══ Provided data

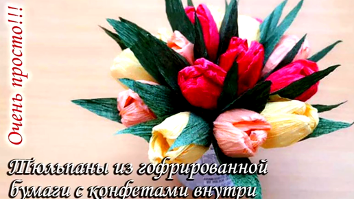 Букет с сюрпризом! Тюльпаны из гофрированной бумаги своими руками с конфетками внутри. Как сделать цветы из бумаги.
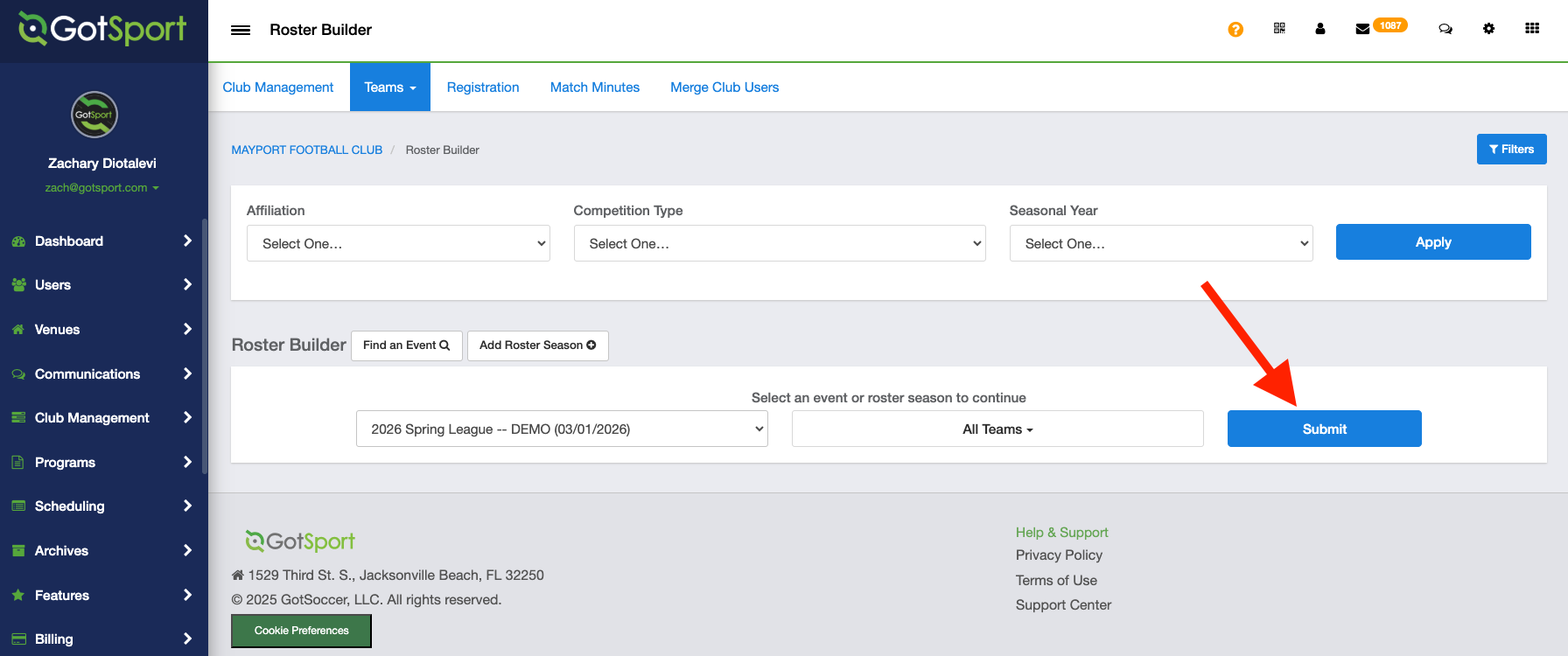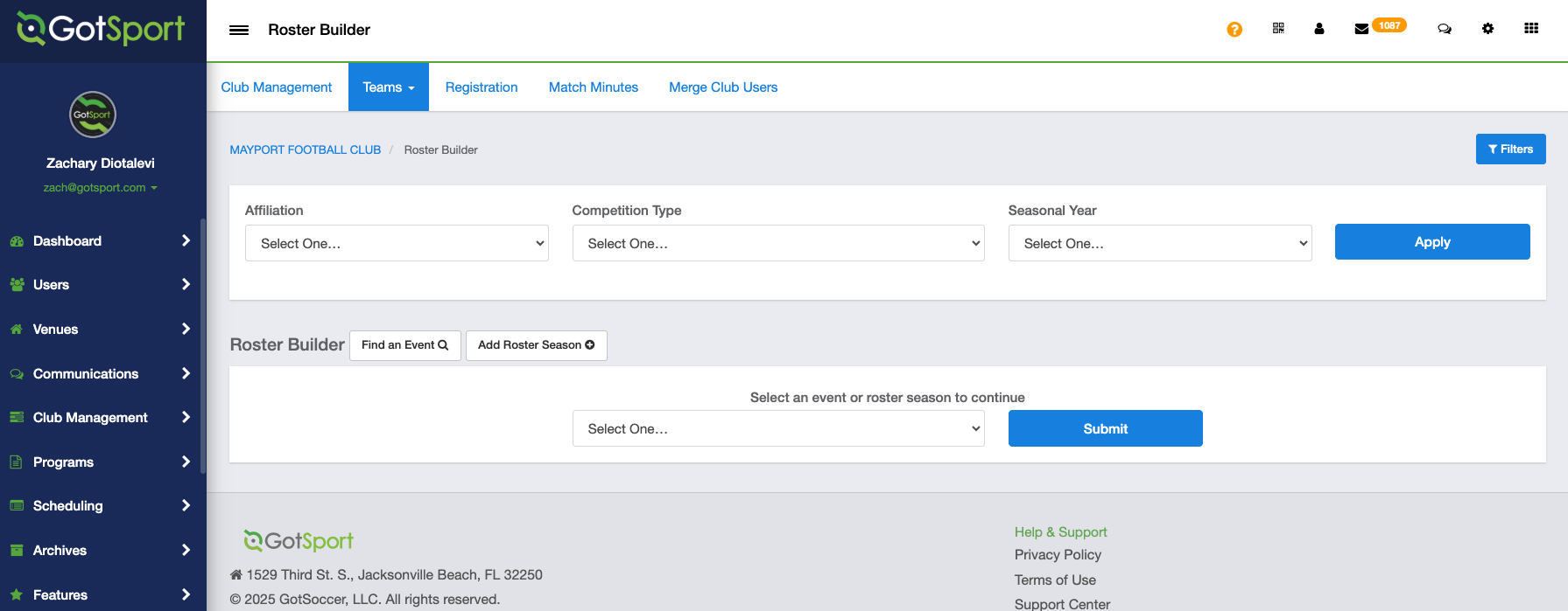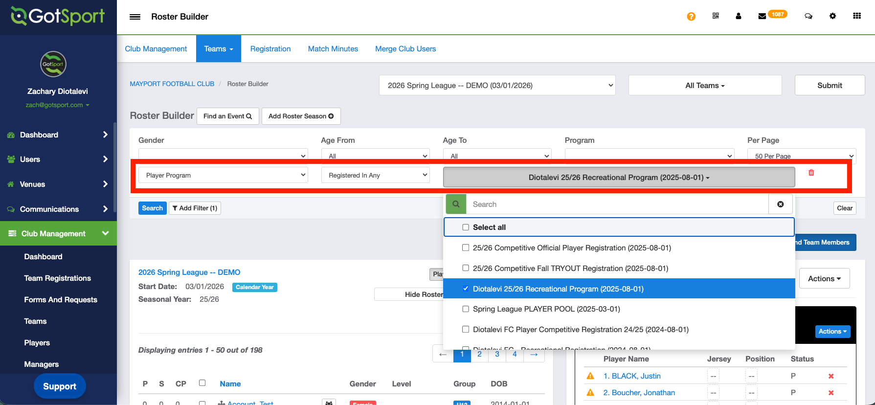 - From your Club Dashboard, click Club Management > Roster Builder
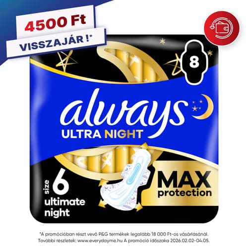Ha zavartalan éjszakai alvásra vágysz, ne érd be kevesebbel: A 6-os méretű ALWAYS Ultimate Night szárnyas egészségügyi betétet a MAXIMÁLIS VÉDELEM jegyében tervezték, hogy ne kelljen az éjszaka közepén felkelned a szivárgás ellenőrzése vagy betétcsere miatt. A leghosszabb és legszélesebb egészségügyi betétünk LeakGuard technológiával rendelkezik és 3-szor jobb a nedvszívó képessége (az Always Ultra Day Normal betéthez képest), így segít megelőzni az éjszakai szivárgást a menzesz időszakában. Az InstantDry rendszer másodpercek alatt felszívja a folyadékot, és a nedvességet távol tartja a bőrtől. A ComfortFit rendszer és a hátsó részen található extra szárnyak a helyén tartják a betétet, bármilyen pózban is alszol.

════

Exercise description ::
Only the lines from the top of the material through the line containing "- From your" should be written out, exactly and without pictures.

Your response ::
 Букет с сюрпризом! Тюльпаны из гофрированной бумаги своими руками с конфетками внутри. Как сделать цветы из бумаги.
 - From your Club Dashboard, click Club Management > Roster Builder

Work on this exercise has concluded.